The title is a little cheesy, but it describes it. 
So, I though I'd start this journal so I can write about everything that is happening with Dixie. Things are hard now with her, but this will show our progress. :]
Dixie, I've been through so much crap with her this past year. June 11th was my year anniversary with her, and I hate to say there were so many downs this year. Then though, of course, he had our ups. :] 
Dixie really taught me how to ride, unlike no horse had. When I first got her I was intimidated by her, she seemed so big (even though she isn't), she was so strong to me, I'd never experienced a horse like her. Within my first 4 months I had her, I'd fallen of 3 times.
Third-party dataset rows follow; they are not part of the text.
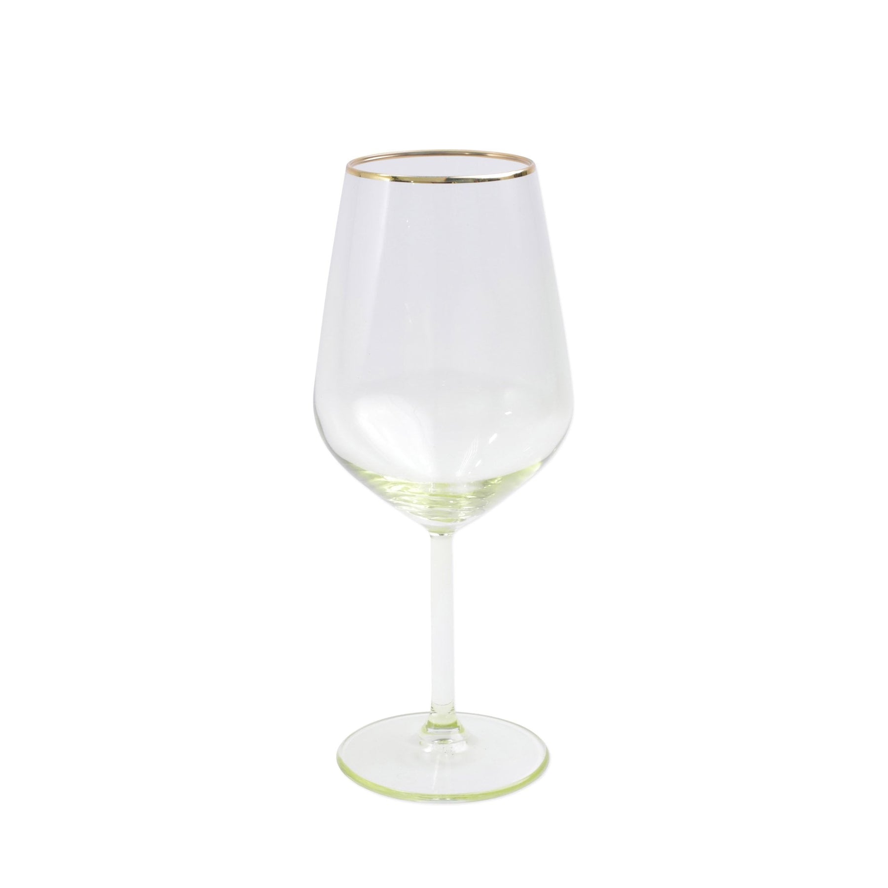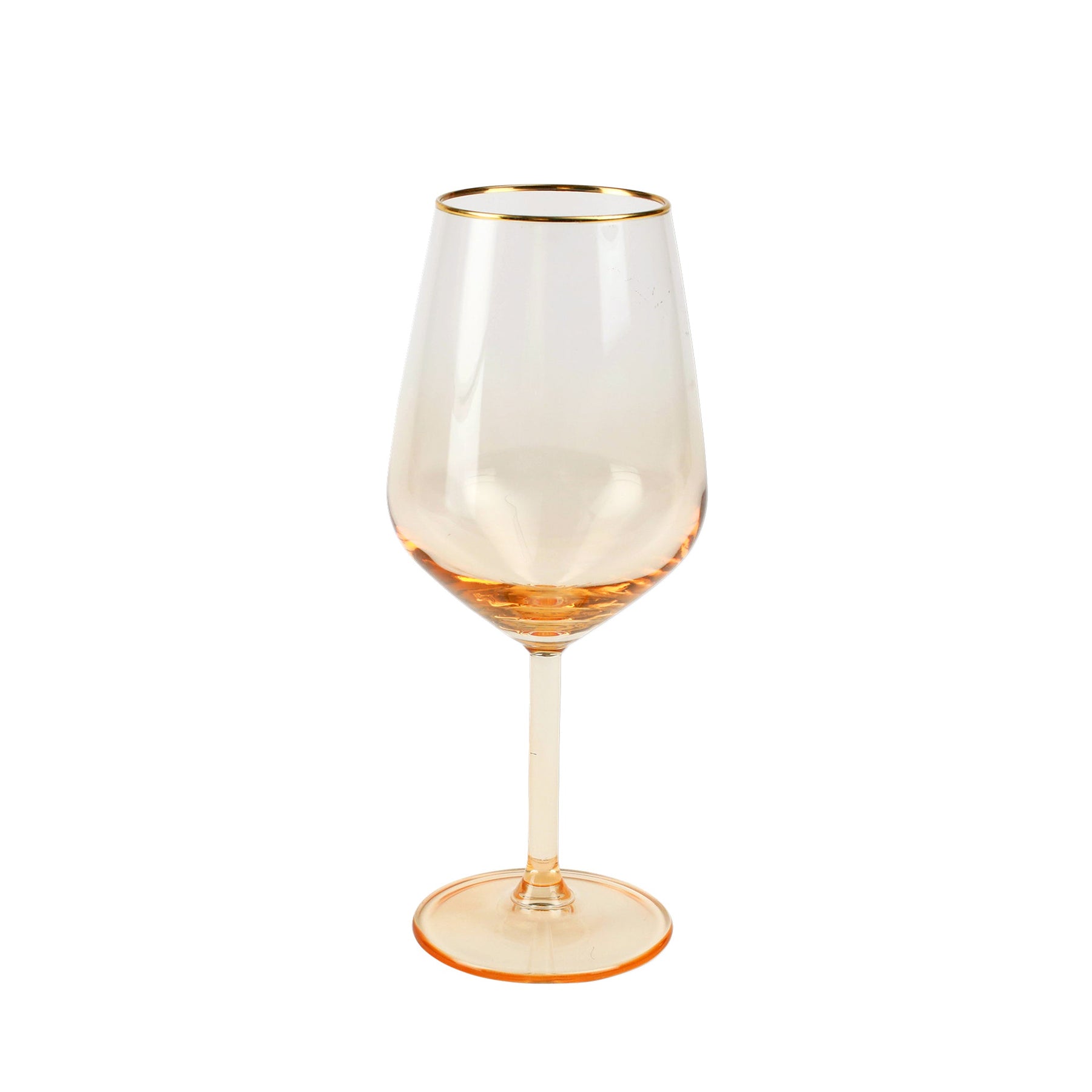 Add sparkle to any setting with a gilded gold rim and varied colored glass that refracts light on the Rainbow Wine Glass.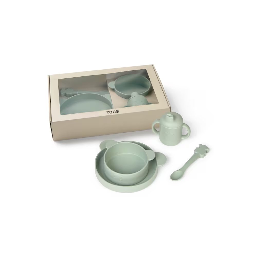 La vajilla 4 piezas de Tous está compuesta por taza con tapa y asas, plato, bol y cuchara. Es ideal para el aprendizaje y facilitar la alimentación del bebé.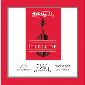 D'Addario Prelude Violin String Set 1/16 Scale Medium Tension - J810 1/16M - Solid Steel Core Warm Tone Economical and Durable - Educators Ch
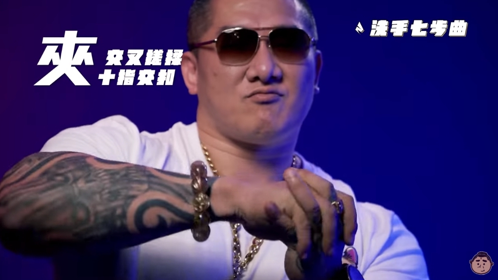 搭配上有點夜店風的音樂還有暗紫色的背景,「洗手七步曲」館長要大家「來來來哩巄來」、「給林北去洗手」,館長嘴角微微上揚,還有兩手交錯的手勢,網友笑噴「有種說不出來的猥褻感」,館長乖乖做了洗手操,更厲害的是影片順便置入肥皂產品,他寫著「公蝦米好膽『麥皂』? 林北就來『賣皂』」,創意十足。

At times, she definitely did shatter my confidence, she made me so nervous. She gave me all my anxiety in my riding. She would jump the jumps 2 feet higher then they should be jumped, she would at the smallest things. But now, from her, I'm a lot more brave. She's bolted with me a countless number of times. And by bolt, I mean a legit bolt. A full on gallop from a walk. That type of bolt. It was so scary at first, but I eventually learned to just enjoy the ride.
Dixie's jumping, that's what really freaked me out. It was spastic, she was hard to handle. The pony (loved the pony, I'll have to write about him) I rode before was hard, but not like her. Dixie did crazy jumps, at first, I was barely able to hold on, and it was _so_ scary. But now, she taught me how to stay on with ease. She's literally done a 4 foot bunny hop over a 18 in. crossrail.... that was quite fun though.
Now though, time to say what's been going on lately. Things are far from perfect, but SO much better. I'm so proud of my pony. Slowly, Dixie over coming her fear of jumping plastic flowers, and any other "scary" jump. She was sent away for training for a month, and is now less spooky. Our jumping courses have been less spastic, and we are now perfecting our dressage. Dixie really has been amazing lately. She is going to her first 3 day in August, and I'm really working hard for that.


----------



## extraordinary (Jul 14, 2011)

Is today the 20th? I think so. . . Well almost 21st.
July 20th-
Dixie was amazing today. She was a bit spooky on the streets; two little westies made her bolt, but you know, they are pretty scary! My lesson was great though. We jumped. I went over a coop without much of a problem, and all the other jumps. Things are looking up! She gave me one dirty stop at the coop, but that was it really. So, yay!


----------